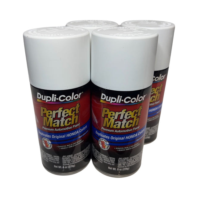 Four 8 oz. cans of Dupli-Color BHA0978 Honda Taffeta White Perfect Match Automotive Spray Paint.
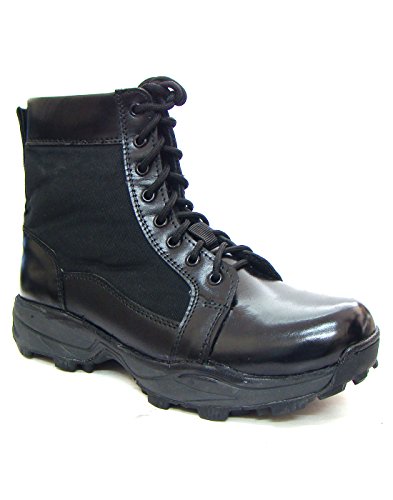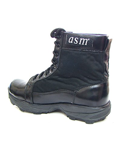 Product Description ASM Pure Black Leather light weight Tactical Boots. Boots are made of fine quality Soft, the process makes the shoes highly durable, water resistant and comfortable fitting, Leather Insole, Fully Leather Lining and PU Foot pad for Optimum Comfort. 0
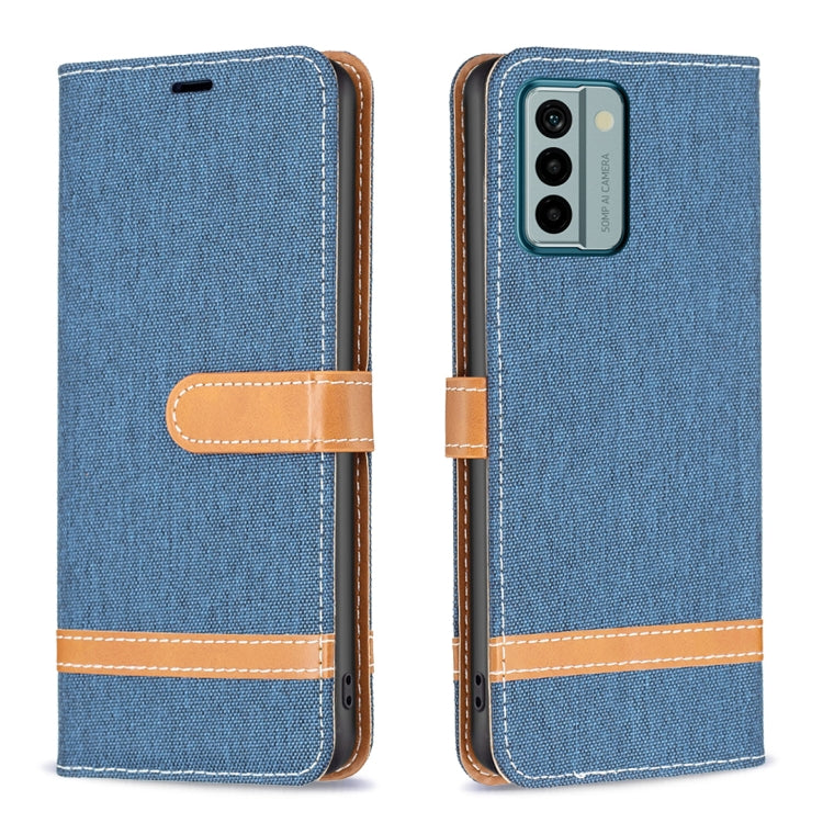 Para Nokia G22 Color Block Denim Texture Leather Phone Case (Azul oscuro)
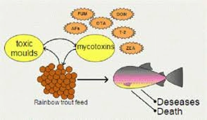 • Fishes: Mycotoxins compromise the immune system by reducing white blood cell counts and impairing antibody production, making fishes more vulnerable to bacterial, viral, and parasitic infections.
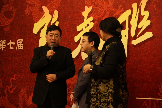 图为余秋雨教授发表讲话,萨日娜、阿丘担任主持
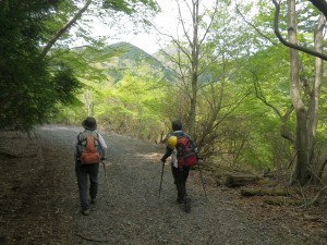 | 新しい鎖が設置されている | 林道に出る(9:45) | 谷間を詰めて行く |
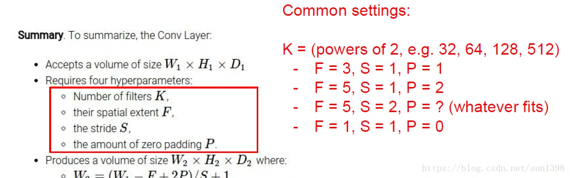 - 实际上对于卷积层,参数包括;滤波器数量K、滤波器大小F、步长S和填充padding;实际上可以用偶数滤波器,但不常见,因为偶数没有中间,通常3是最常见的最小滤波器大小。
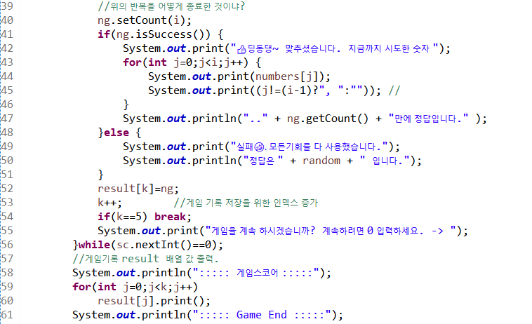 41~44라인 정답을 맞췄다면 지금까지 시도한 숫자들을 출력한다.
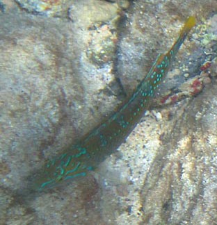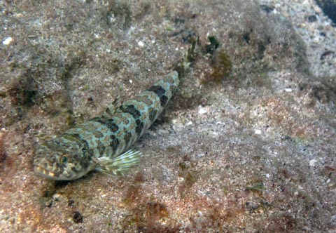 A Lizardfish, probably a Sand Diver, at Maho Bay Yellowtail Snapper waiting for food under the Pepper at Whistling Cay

###

(What you are asked to do)
Please output every entry exactly as written, apart from the pictures.

(Solution below)
 Four 8 oz. cans of Dupli-Color BHA0978 Honda Taffeta White Perfect Match Automotive Spray Paint.
 Product Description ASM Pure Black Leather light weight Tactical Boots. Boots are made of fine quality Soft, the process makes the shoes highly durable, water resistant and comfortable fitting, Leather Insole, Fully Leather Lining and PU Foot pad for Optimum Comfort. 0
 Para Nokia G22 Color Block Denim Texture Leather Phone Case (Azul oscuro)
 • Fishes: Mycotoxins compromise the immune system by reducing white blood cell counts and impairing antibody production, making fishes more vulnerable to bacterial, viral, and parasitic infections.
 图为余秋雨教授发表讲话,萨日娜、阿丘担任主持
 | 新しい鎖が設置されている | 林道に出る(9:45) | 谷間を詰めて行く |
 - 实际上对于卷积层,参数包括;滤波器数量K、滤波器大小F、步长S和填充padding;实际上可以用偶数滤波器,但不常见,因为偶数没有中间,通常3是最常见的最小滤波器大小。
 41~44라인 정답을 맞췄다면 지금까지 시도한 숫자들을 출력한다.
 A Lizardfish, probably a Sand Diver, at Maho Bay Yellowtail Snapper waiting for food under the Pepper at Whistling Cay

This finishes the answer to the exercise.